A spokesperson for BDS confirmed Bailey had withdrawn his application, and that the search for the position was still ongoing.

Bailey previously worked at BDS before becoming an immigration judge, advising clients facing criminal charges about their immigration status while at the nonprofit.

“Richard Bailey withdrew his application for the Director of BDS’ Immigration Practice,” the spokesperson said in a statement. “Bailey was a long-time employee of BDS and a former supervisor in BDS’ Padilla practice, advising clients with criminal court matters on the immigration consequences of their cases. Bailey resigned from BDS during the Biden administration to become an immigration judge in the hopes of increasing the number of defense attorneys on the bench.”

“As we move forward and reopen the leadership search, we will consult with staff members of BDS’ Immigration Practice, including Union members, in the immigration leadership search moving forward,” the spokesperson added.

BDS did not provide comment on the reason, if any, Bailey gave for withdrawing his application.

BDS said they were committed to finding a director that suited the needs of their immigration practice as fears of escalating federal immigration crackdowns loom over the city.

“BDS defends thousands of immigrant New Yorkers each year in deportation proceedings and provides legal assistance for immigration relief,” the spokesperson said. “We remain committed to hiring a leader with the experience needed to lead this essential practice in this uniquely challenging moment for the immigrant communities BDS serves.”

Bailey was appointed as a federal immigration judge in December 2022, presiding over cases in the Elizabeth Immigration Court in New Jersey.

According to the Transactional Records Clearinghouse, a data-gathering research nonprofit operating out of Syracuse University, Bailey decided 172 asylum claims from 2020 through the first 11 months of 2025. Of those, he granted asylum for 16, granted seven other types of relief, and denied relief to 149, meaning he denied asylum for 86.6 percent of his cases.

In the first 11 months of 2025, Bailey has denied asylum claims to over 90 percent of his cases.

Bailey shows a much higher denial rate for asylum claims compared to Immigration Court judges across the country, who denied 58.9 percent of asylum claims during this same period. Bailey also had a slightly higher denial rate among judges at the Elizabeth Immigration Court, who denied asylum 83.1 percent of the time.

It was Bailey's record on the bench that the union said would disrupt staff’s ability to build trust with their clients should he have been hired as director of the immigration practice.

In 2024, BDS said they advised over 3,700 clients on immigration relief and the consequences of their legal cases on their status, and represented over 1,600 people in deportation defense and affirmative immigration relief matters.

BDS, which absorbed Queens Defenders’ criminal practice after their controversial former leader Lori Zeno was arrested on federal fraud charges last June, has been embroiled in labor disputes this past year.
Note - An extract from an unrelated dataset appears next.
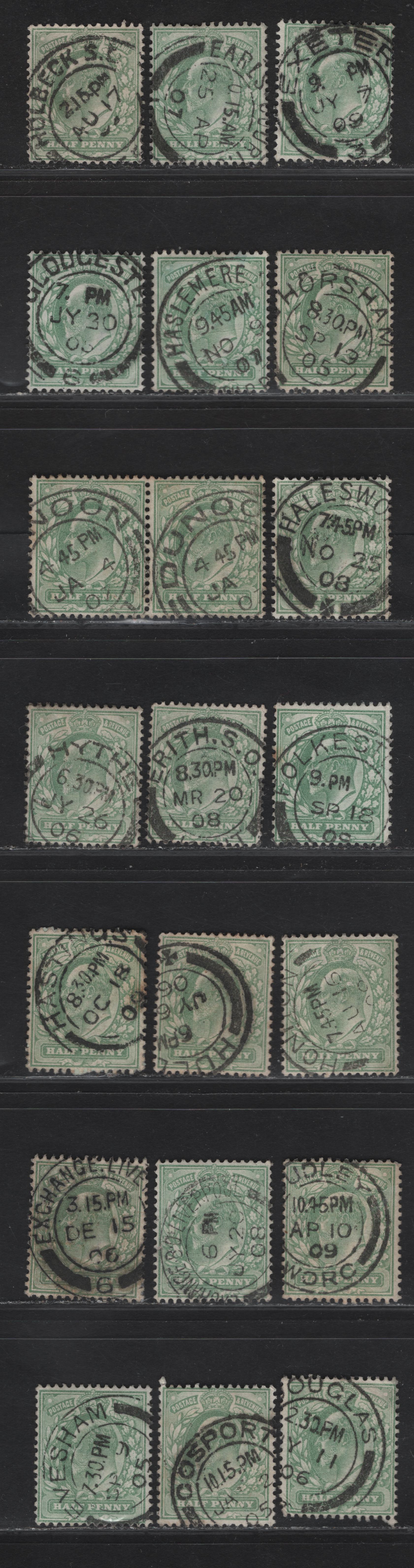 fine/very fine used singles of the 1/2d pale yellowish green - yellowish green King Edward VII from the 1902-1910 King Edward VII Issue, single bar barell CDS cancels, d-h towns & villages.

After BDS took over Queens Defenders’ contract with the city, picket demonstrations organized by the union broke out in protest of new work policies. Over the course of September, the BDS union protested company policies that ended work-from-home and required staff to use a third-party clock-in application on their devices.

Not long after, BDS’ longtime executive director Lisa Schreibersdorf faced allegations of attempting to decertify the Association of Legal Advocates and Attorneys chapter that has operated at BDS since 2022 through a union-busting scheme.

The accusations eventually escalated when nearly two dozen city councilmembers wrote a letter to BDS’ board of directors demanding answers on the situation. On Nov. 20, 21 city councilmembers – including Queens councilmembers Julie Won, Shekar Krishnan, Tiffany Cabán and Lynn Schulman – called on the board to investigate the allegations and report their findings to the Council.

“The misconduct allegations against Ms. Schreibersdorf are serious and impact our confidence in an organization on which our constituents rely for their most fundamental protections,” the letter reads.